## About this exercise:
Could you give back exactly the lines below from the one with "熵越高,数据越混乱,不确定性" through the one with "Wrap yourself in", without a single picture?

───── Data provided

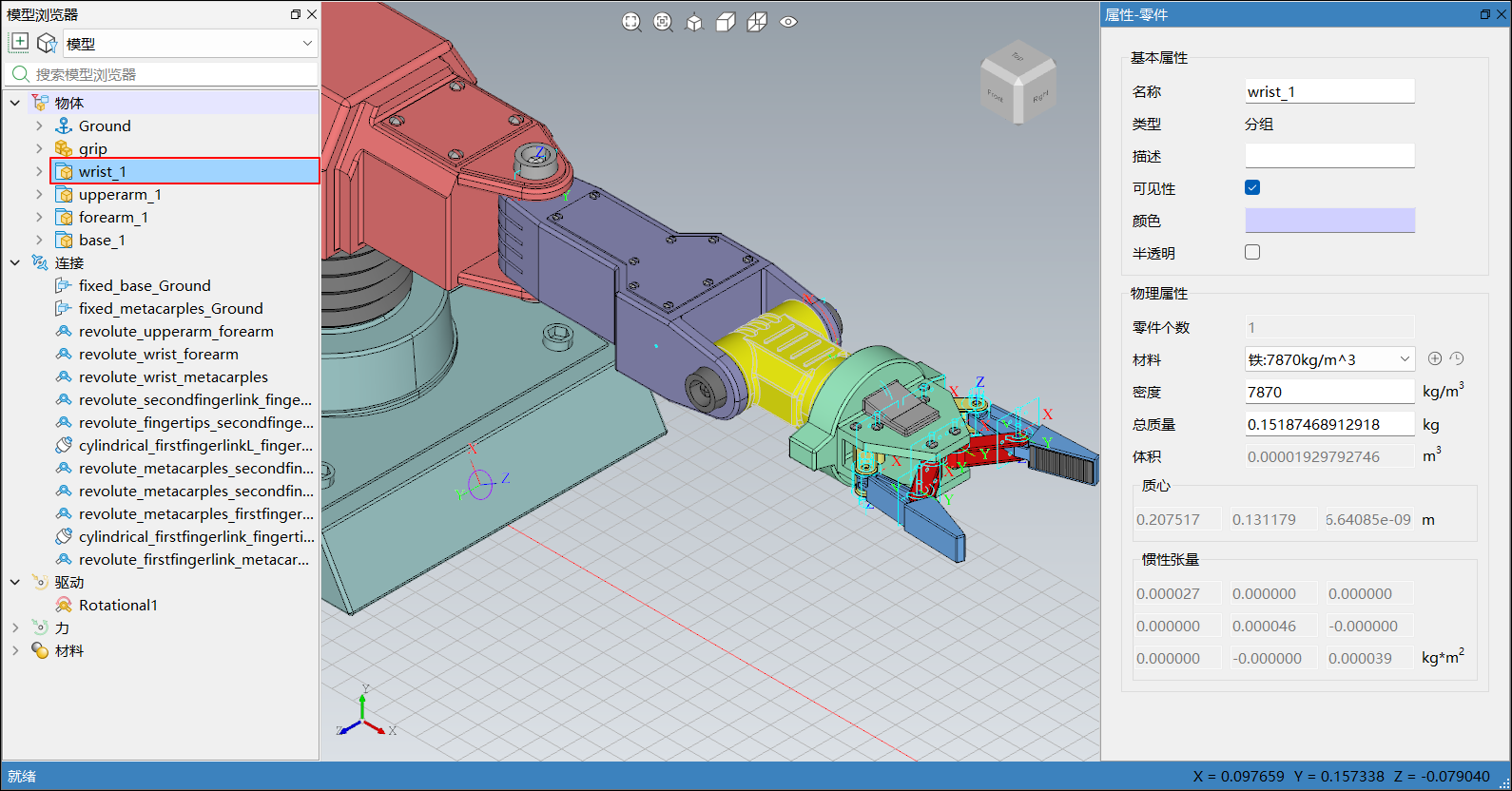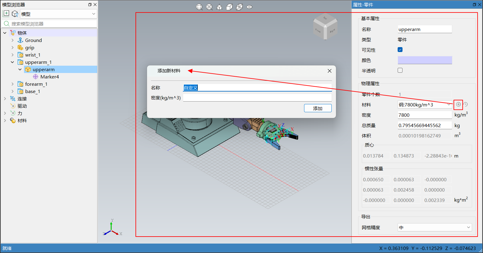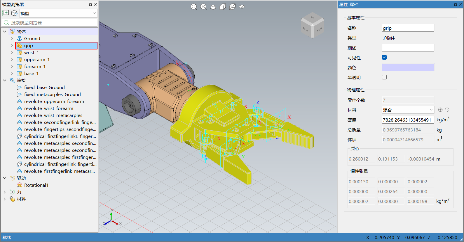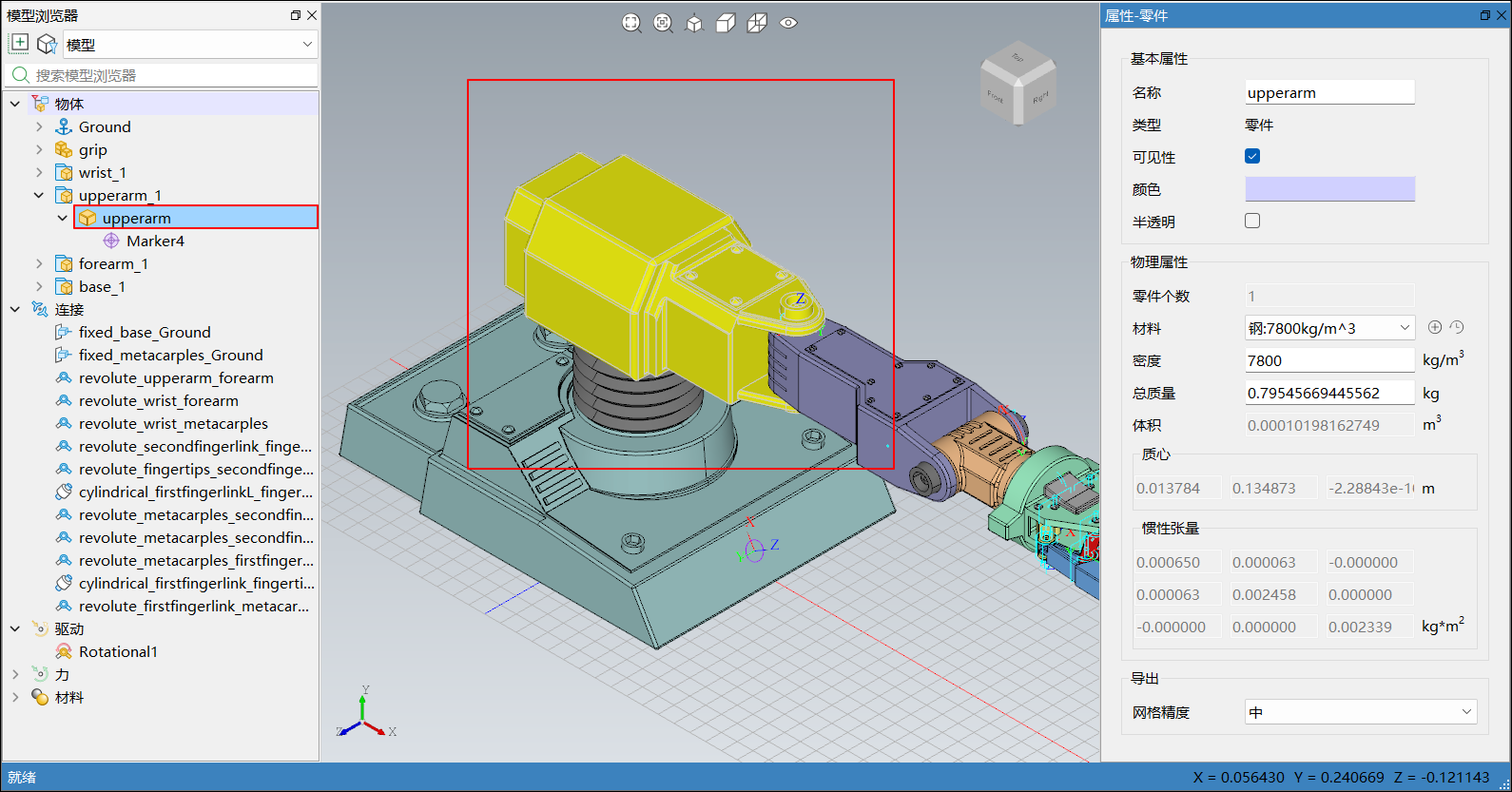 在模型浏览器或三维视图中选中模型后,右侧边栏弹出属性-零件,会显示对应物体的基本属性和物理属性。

──────────
───── Data provided

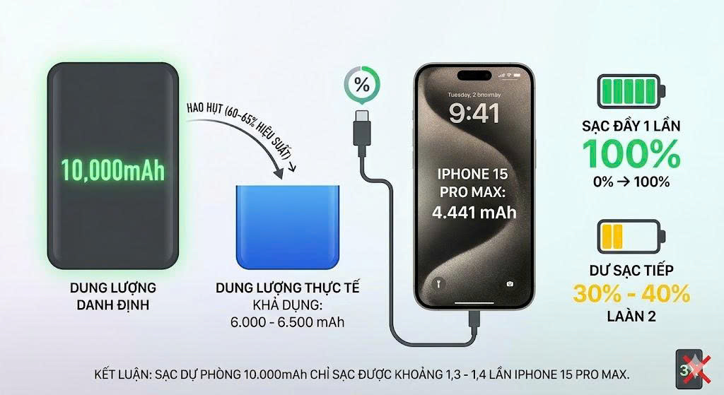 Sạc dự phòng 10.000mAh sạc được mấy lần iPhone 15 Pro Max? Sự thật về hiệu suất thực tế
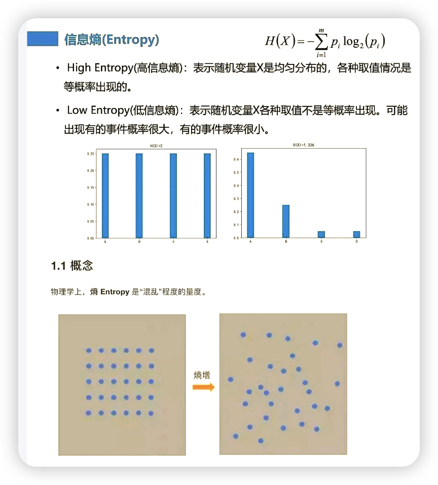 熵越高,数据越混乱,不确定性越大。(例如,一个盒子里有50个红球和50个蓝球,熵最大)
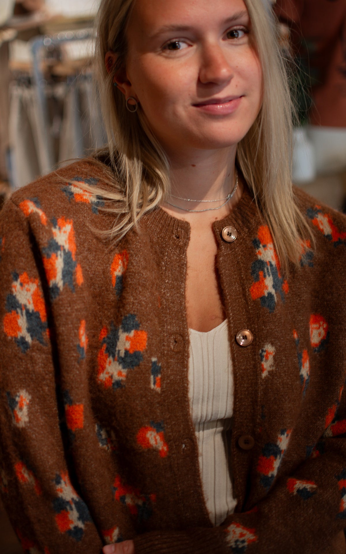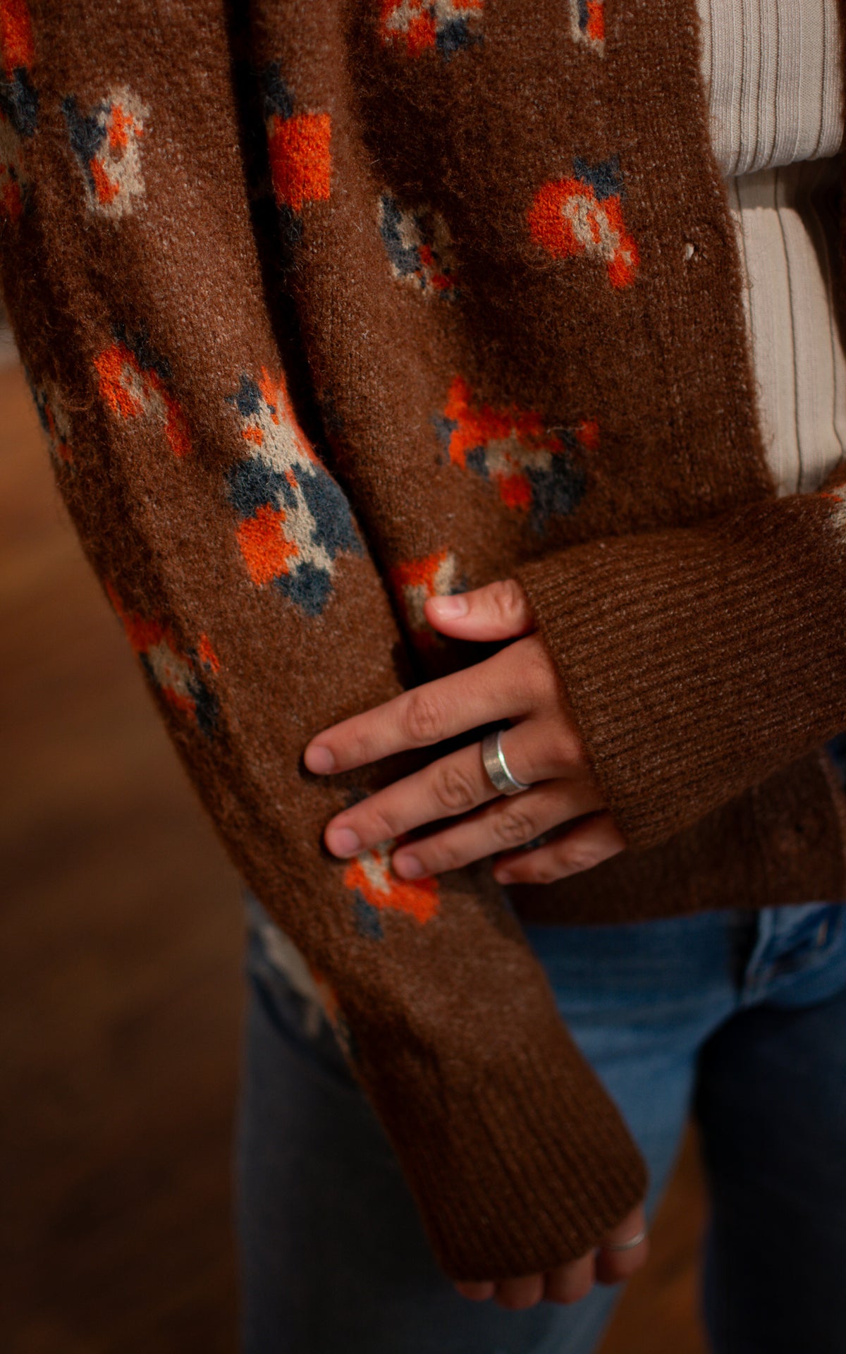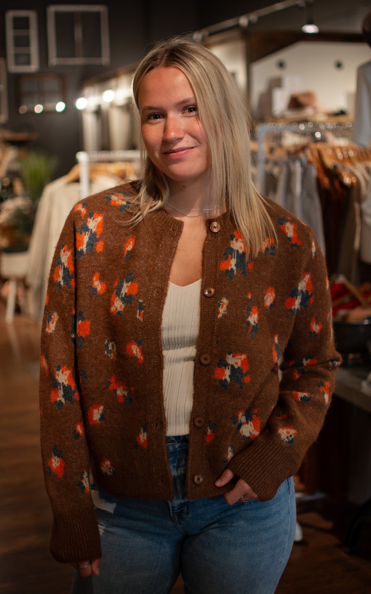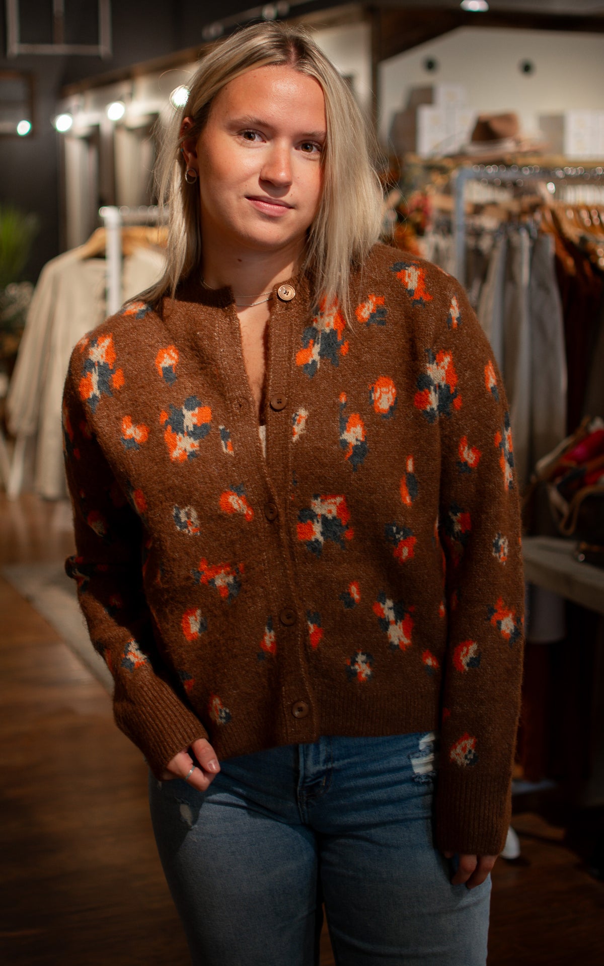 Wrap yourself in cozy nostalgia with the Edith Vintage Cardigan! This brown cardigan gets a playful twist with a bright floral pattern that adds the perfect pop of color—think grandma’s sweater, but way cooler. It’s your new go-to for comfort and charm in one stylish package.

──────────

## Solution to this problem:
 熵越高,数据越混乱,不确定性越大。(例如,一个盒子里有50个红球和50个蓝球,熵最大)
 Wrap yourself in cozy nostalgia with the Edith Vintage Cardigan! This brown cardigan gets a playful twist with a bright floral pattern that adds the perfect pop of color—think grandma’s sweater, but way cooler. It’s your new go-to for comfort and charm in one stylish package.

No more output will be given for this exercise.